Studio at one point created emotion-driven Kinect game

Mar 26, 2012 20:41 GMT  ·  By

Tim Schafer, the leader of the development team at Double Fine, has pleaded with video game developers to use comedy more often in their titles both as a way to connect with players and as a means to transmit emotion.

The developer was speaking at the New York University Game Center and he acknowledged that comedy was necessary for video games, but that it was also risky because it can be hard for some developers to create actually funny gameplay and stories.

Schafer talked about his classic The Secret of Monkey Island, saying that the scene where Guybrush Threepwood and Governor Elaine Marley fall in love was humorous because he had no other way of delivering the emotional impact with the limited resources he had available.
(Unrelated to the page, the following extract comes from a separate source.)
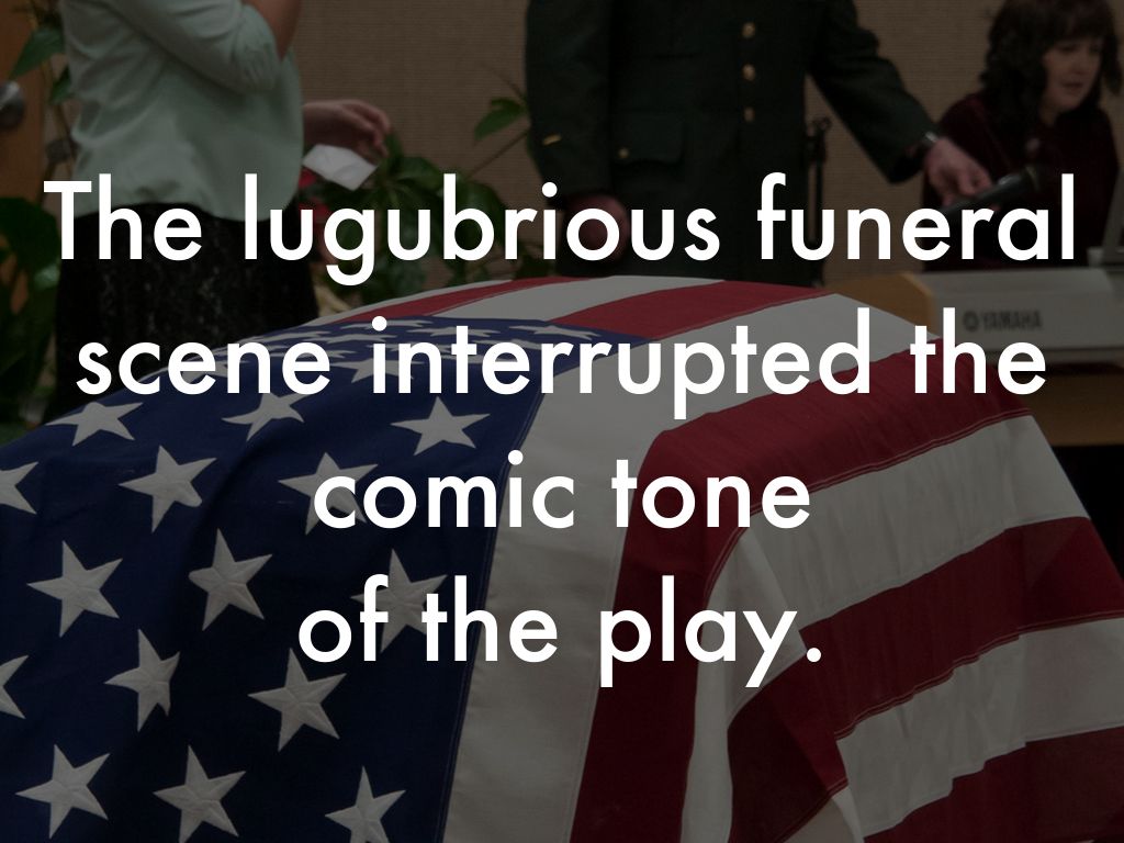 The lugubrious funeral scene interrupted the comic tone

The developer said, “You can’t write a serious scene that has a pirate and a governor fall in love in five lines. Humor is a tool to cover up the fact that this is not a solvable problem. If you don’t have anything funny to say about a situation, the player will realize something’s fake.”

As part of his presentation at the Game Center, Tim Schafer has shown the prototype for a Double Fine project that was set to use character emotions as a way to solve puzzles, inspired by a number of Japanese titles like Katamari Damacy.

The developer suggested that Japanese titles are better suited for emotional expression because they rarely take themselves as seriously as Western developed titles do.

The Double Fine emotion game was set to use the Kinect motion tracking system from Microsoft as a way to track the feelings of the player via specific gestures which would create fear, love but also anger.

The game was canceled by the publisher and it’s unlikely that it will ever be revived.

At the moment, Double Fine and Tim Schafer are working on a Kickstarter-funded project that will follow the classic adventure template.